Sunday, August 2, 2020
As we’ve explored our ancestors in faith through the book of Genesis this summer, you’ve probably noticed that names are important. Their meanings carry significance, whether it’s a name of a place, like Bethel, which means “house of God,” or a person’s name, like Isaac meaning “he will laugh.” In our passage from Genesis this morning, God gives Jacob a new name, “Israel.” Jacob’s name, which means “supplants” or “grabbing by the heel,” really does describe who he is. Jacob seems to constantly be chasing after something or someone: his brother’s blessing, his beloved Rachel, his father-in-law Laban’s livestock. Even in this passage we read today, Jacob wrestles with God for a blessing. “I will not let you go until you bless me,” he audaciously tells God. In his struggle with God, God renames Jacob, “Israel,” which means “one who strives with God.” Jacob’s name and identity changes from one who is always wanting more, a step behind, struggling to be first instead of second, to one who strives with God and prevails, Genesis tells us. With this new name, God gives Jacob the confidence he needs to meet his brother Esau again, to reconcile with him, to return to the land of Canaan and build a family and a nation for himself apart from his father and mother’s family. The name Israel still today is the identity of a nation and a people that seeks to strive with God and know that God is present with them in the struggle. Whatever our name, as Christians we believe, too, that we can wrestle with God in a dynamic faith. We don’t have to be afraid to come to God with our honest questions. And at the end of the day, we trust like Jacob that God will be with us in the ups and downs of our faith journey.
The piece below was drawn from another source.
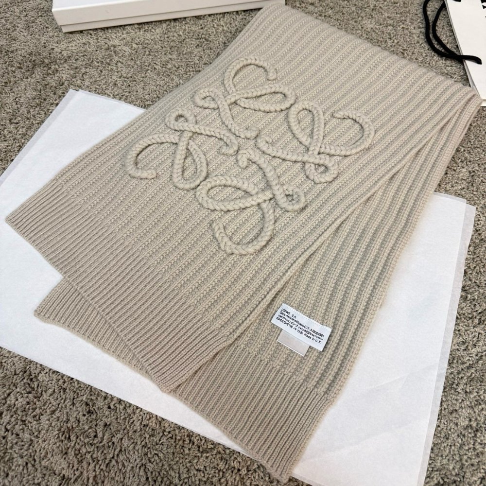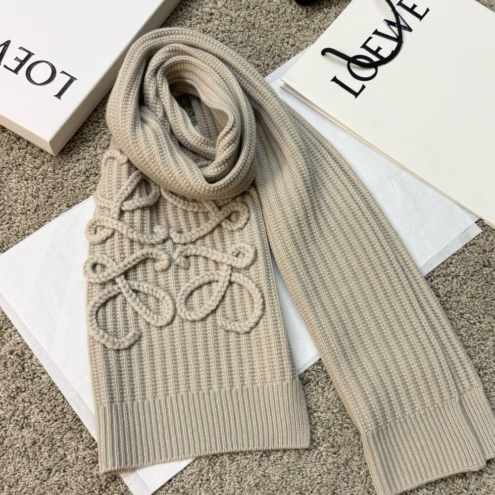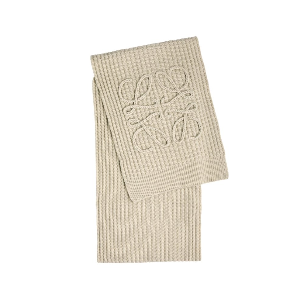 Loewe Anagram Embroidered Ribbed Wool Scarf Beige 180Cm

So, I wonder, do you know what your name means? Do you know why you have the name you have –first, middle, or last? How do the stories of how you came to have your name shape how you see yourself? Sometimes the stories about our names aren’t that exciting, it basically boils down to “mom liked the name and dad could tolerate it.” But sometimes, like Jacob, our names carry great significance.
You might guess that as pastors, Rich and I were pretty particular about names for our children. It’s a hard decision to first find names you both like, include some family names if possible, and then also consider their original meaning. Erin was pretty easy, because of course “Sheridan” is Irish, and we had been looking specifically at Irish names. Erin is also a form of Irene, which was my grandma’s middle name. And the Greek version of Erin means “peace.” Our daughter Grace is a little bit more self-explanatory for Lutheran pastors. Grace is obviously important to us for our faith, but the name also completes Paul’s traditional greeting in his letters when he says, “Grace and peace to you from God our Father and the Lord Jesus Christ!” And so we have our daughters, Grace and Peace. Yes, we are pastor nerds. At times, it does not seem like our rambunctious preschoolers have much grace or peace in them, but we hope and pray they live into the meaning of their names. I encourage you if you don’t know, to look up the meaning of your name. You might be surprised at what it means and how it reflects who you are (or not!). More important even than your particular name, whether you like it or don’t or have learned to grow into it, is that just like Jacob, God has called you by name, and you are his. In baptism, we remember especially that we have “put on Christ.” We are given a new name, “Christian,” and so all of us can share in that name above all names as a part of who we are. Christ lives in us! We are God’s! That’s how important names are.
After God gives Jacob the new name, “Israel,” Jacob wants to know God’s name, but God doesn’t tell him. Jacob calls the place “Peniel,” which means “the face of God,” because Jacob knows he has seen God’s face. However, it is interesting that Jacob is left without a full answer of how God would like to be called by Jacob. If we look through the Bible, of course, there are many names for God and even more for Christ. As you may be aware, though, in Jewish tradition, out of respect for the first commandment, God’s name is never fully written or said aloud. The Lord’s name, which our English translation usually writes as LORD in all capital letters, is in Hebrew “Yahweh,” which is God’s fullest name. Sometimes faithful Jews will simply say “Hashem,” instead of reading “Yahweh” which means, “the name.” In English, they will write G-D to not fully complete God’s name. From this story in Genesis, we learn that God is a God of many names, whom we can call upon in prayer when we are struggling. This God is always with us, just as God appears to Jacob in the dream of the ladder and again today to wrestle with him face to face. As Christians we believe we have seen God fully face to face in Jesus the Christ. And yet there is also a mystery about who God is, too, that Jacob and we realize is also true. Often at times we wrestle with God because we don’t fully know who God is, and we can’t fully wrap our brain around the amazing vastness and mystery of who God is completely. In our wrestling with God and with our faith, we recognize that God cannot be fully grasped. Like Jacob, may we rest with God who knows each of us fully by name, and be sustained in our struggle by the awesome wonder of our great and almighty God. Amen.